» WORK REQUEST: Emit a verbatim copy of the lines below from the line with "NGC 6304 is" through the line with "Jojo Todynho aproveitou", excluding pictures and everything outside that range.

*****

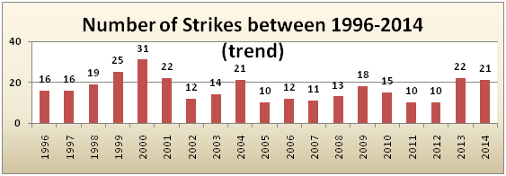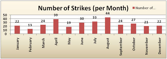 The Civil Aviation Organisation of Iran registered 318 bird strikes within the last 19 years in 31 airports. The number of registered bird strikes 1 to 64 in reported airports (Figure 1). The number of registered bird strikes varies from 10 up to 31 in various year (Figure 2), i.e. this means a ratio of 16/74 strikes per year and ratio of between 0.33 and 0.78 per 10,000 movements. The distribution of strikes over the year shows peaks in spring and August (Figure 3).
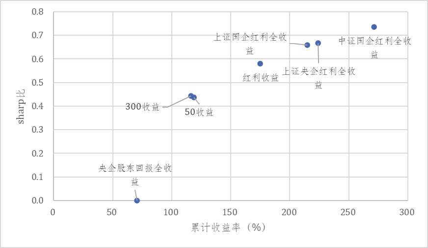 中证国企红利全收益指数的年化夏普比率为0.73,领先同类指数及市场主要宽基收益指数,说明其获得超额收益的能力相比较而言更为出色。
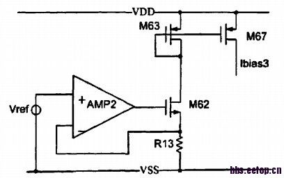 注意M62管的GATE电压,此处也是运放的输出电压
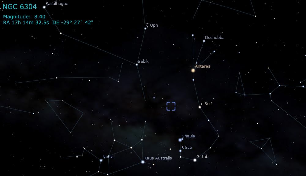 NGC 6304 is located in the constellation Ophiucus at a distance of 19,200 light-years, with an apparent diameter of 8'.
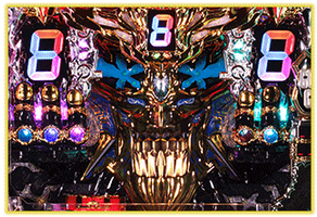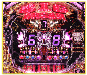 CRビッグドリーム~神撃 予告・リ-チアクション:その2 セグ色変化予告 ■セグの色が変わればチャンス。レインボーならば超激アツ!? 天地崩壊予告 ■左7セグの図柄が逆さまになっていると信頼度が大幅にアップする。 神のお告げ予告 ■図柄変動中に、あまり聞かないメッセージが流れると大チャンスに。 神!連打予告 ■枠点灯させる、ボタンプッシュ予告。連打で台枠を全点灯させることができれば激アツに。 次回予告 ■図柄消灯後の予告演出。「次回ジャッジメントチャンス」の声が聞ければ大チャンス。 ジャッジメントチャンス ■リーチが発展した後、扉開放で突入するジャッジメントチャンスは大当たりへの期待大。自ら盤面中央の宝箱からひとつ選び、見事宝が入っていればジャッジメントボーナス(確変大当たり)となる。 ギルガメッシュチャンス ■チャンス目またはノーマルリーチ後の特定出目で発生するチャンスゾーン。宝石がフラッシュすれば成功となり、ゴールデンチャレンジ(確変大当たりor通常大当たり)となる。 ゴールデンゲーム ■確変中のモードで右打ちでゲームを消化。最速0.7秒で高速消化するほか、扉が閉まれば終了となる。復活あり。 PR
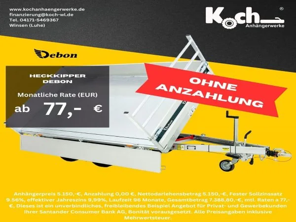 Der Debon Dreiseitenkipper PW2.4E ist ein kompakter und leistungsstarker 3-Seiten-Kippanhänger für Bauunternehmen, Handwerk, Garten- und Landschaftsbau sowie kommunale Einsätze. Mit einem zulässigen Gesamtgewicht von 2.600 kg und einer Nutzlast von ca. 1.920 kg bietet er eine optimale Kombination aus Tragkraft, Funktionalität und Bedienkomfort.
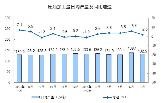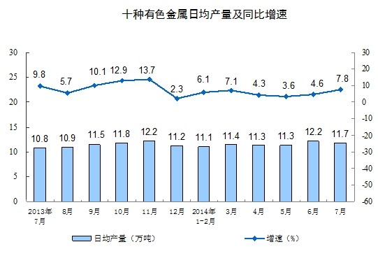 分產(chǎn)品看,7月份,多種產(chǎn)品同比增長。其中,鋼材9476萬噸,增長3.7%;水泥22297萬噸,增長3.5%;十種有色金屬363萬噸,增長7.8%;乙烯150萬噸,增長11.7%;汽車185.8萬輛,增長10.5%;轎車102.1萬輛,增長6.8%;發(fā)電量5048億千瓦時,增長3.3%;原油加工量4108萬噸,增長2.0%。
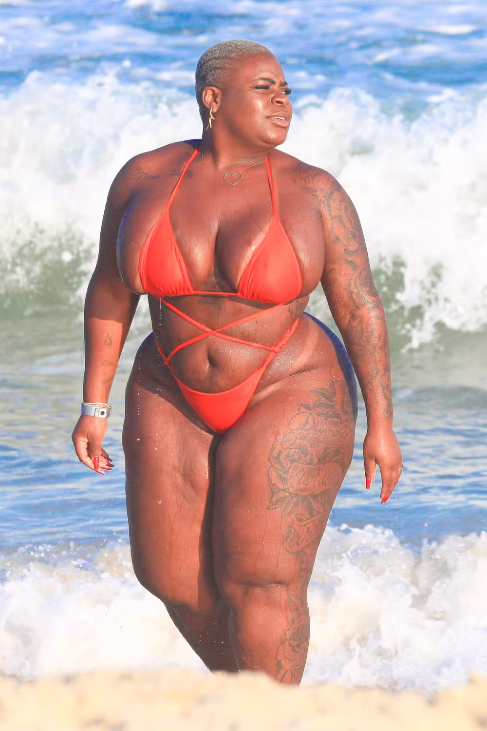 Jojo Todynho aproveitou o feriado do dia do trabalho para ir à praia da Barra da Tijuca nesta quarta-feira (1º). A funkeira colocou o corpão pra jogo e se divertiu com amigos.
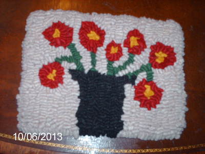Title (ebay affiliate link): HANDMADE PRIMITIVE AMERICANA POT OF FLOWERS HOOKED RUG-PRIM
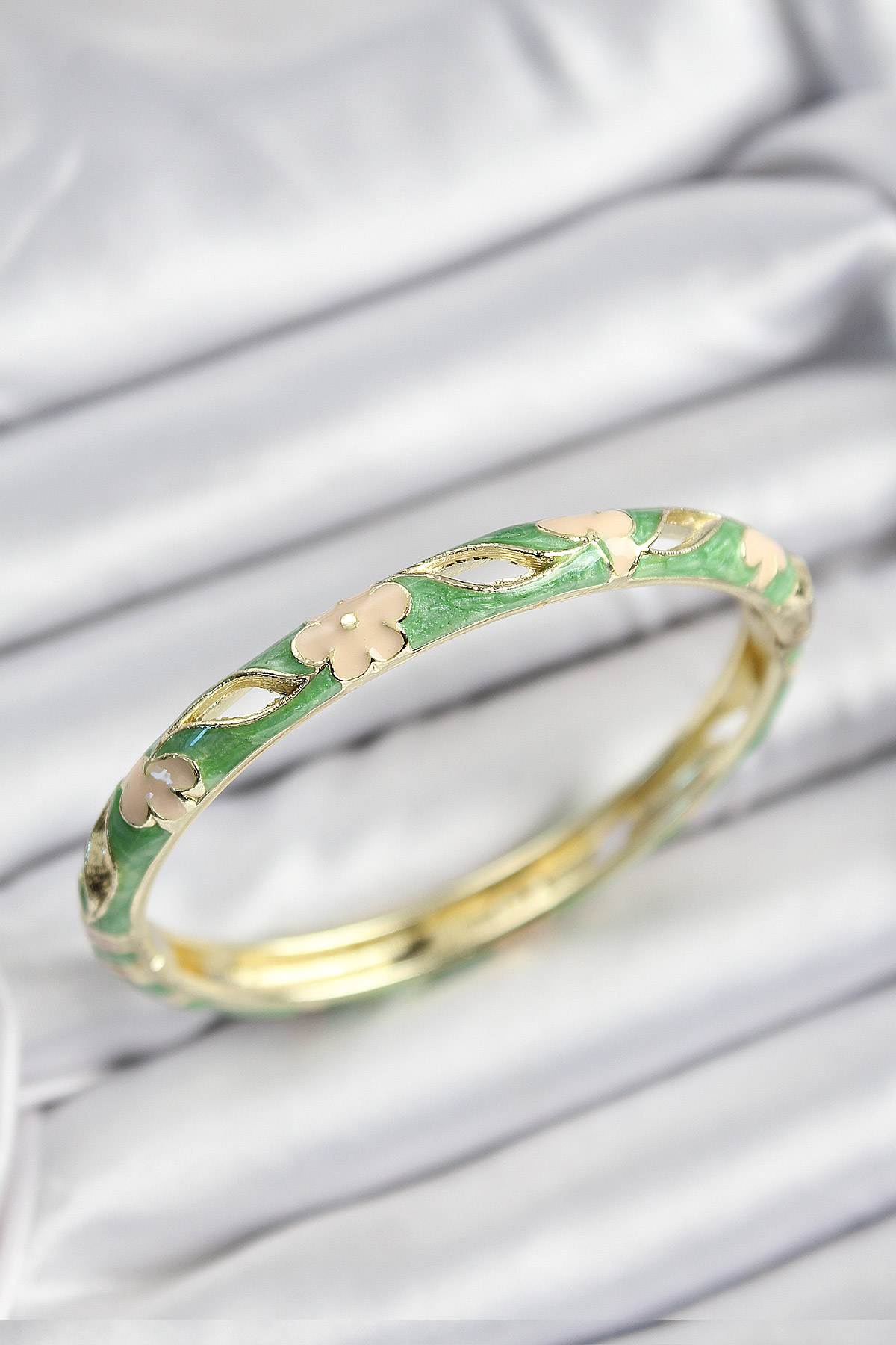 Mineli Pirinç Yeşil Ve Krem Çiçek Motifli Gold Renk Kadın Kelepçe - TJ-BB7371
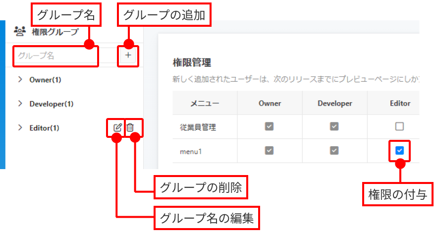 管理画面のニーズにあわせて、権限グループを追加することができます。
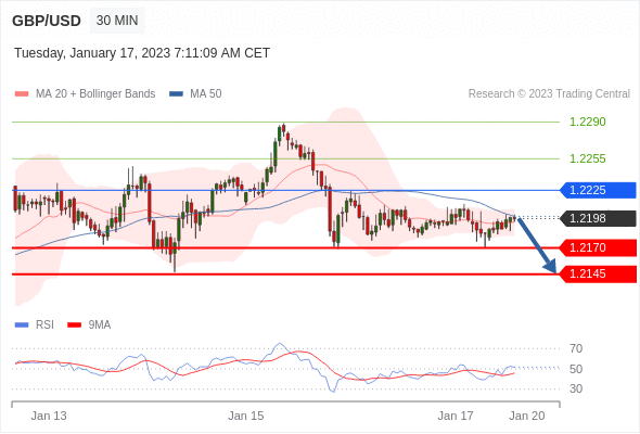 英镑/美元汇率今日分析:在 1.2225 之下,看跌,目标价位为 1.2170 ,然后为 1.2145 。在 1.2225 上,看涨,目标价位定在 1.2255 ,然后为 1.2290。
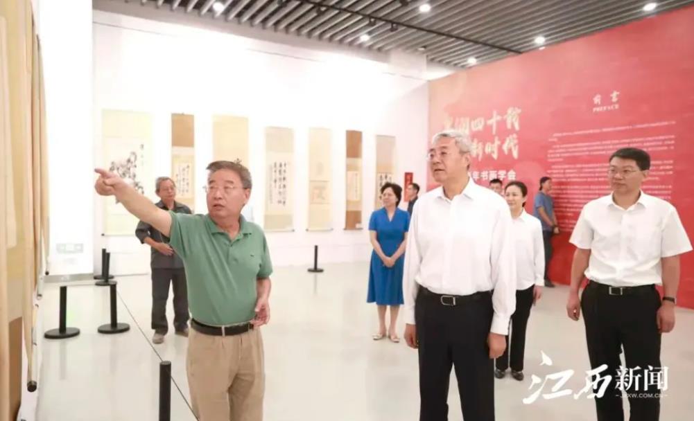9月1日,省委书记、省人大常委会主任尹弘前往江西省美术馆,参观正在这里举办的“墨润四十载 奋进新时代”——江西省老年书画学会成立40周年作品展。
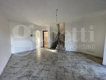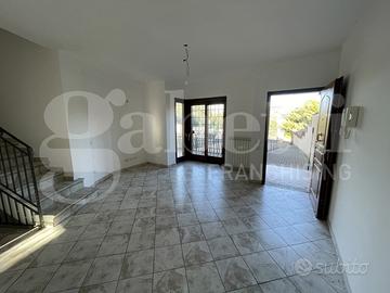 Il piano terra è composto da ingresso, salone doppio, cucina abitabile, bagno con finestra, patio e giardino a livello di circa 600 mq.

*****

» RESULT:
 NGC 6304 is located in the constellation Ophiucus at a distance of 19,200 light-years, with an apparent diameter of 8'.
 CRビッグドリーム~神撃 予告・リ-チアクション:その2 セグ色変化予告 ■セグの色が変わればチャンス。レインボーならば超激アツ!? 天地崩壊予告 ■左7セグの図柄が逆さまになっていると信頼度が大幅にアップする。 神のお告げ予告 ■図柄変動中に、あまり聞かないメッセージが流れると大チャンスに。 神!連打予告 ■枠点灯させる、ボタンプッシュ予告。連打で台枠を全点灯させることができれば激アツに。 次回予告 ■図柄消灯後の予告演出。「次回ジャッジメントチャンス」の声が聞ければ大チャンス。 ジャッジメントチャンス ■リーチが発展した後、扉開放で突入するジャッジメントチャンスは大当たりへの期待大。自ら盤面中央の宝箱からひとつ選び、見事宝が入っていればジャッジメントボーナス(確変大当たり)となる。 ギルガメッシュチャンス ■チャンス目またはノーマルリーチ後の特定出目で発生するチャンスゾーン。宝石がフラッシュすれば成功となり、ゴールデンチャレンジ(確変大当たりor通常大当たり)となる。 ゴールデンゲーム ■確変中のモードで右打ちでゲームを消化。最速0.7秒で高速消化するほか、扉が閉まれば終了となる。復活あり。 PR
 Der Debon Dreiseitenkipper PW2.4E ist ein kompakter und leistungsstarker 3-Seiten-Kippanhänger für Bauunternehmen, Handwerk, Garten- und Landschaftsbau sowie kommunale Einsätze. Mit einem zulässigen Gesamtgewicht von 2.600 kg und einer Nutzlast von ca. 1.920 kg bietet er eine optimale Kombination aus Tragkraft, Funktionalität und Bedienkomfort.
 分產(chǎn)品看,7月份,多種產(chǎn)品同比增長。其中,鋼材9476萬噸,增長3.7%;水泥22297萬噸,增長3.5%;十種有色金屬363萬噸,增長7.8%;乙烯150萬噸,增長11.7%;汽車185.8萬輛,增長10.5%;轎車102.1萬輛,增長6.8%;發(fā)電量5048億千瓦時,增長3.3%;原油加工量4108萬噸,增長2.0%。
 Jojo Todynho aproveitou o feriado do dia do trabalho para ir à praia da Barra da Tijuca nesta quarta-feira (1º). A funkeira colocou o corpão pra jogo e se divertiu com amigos.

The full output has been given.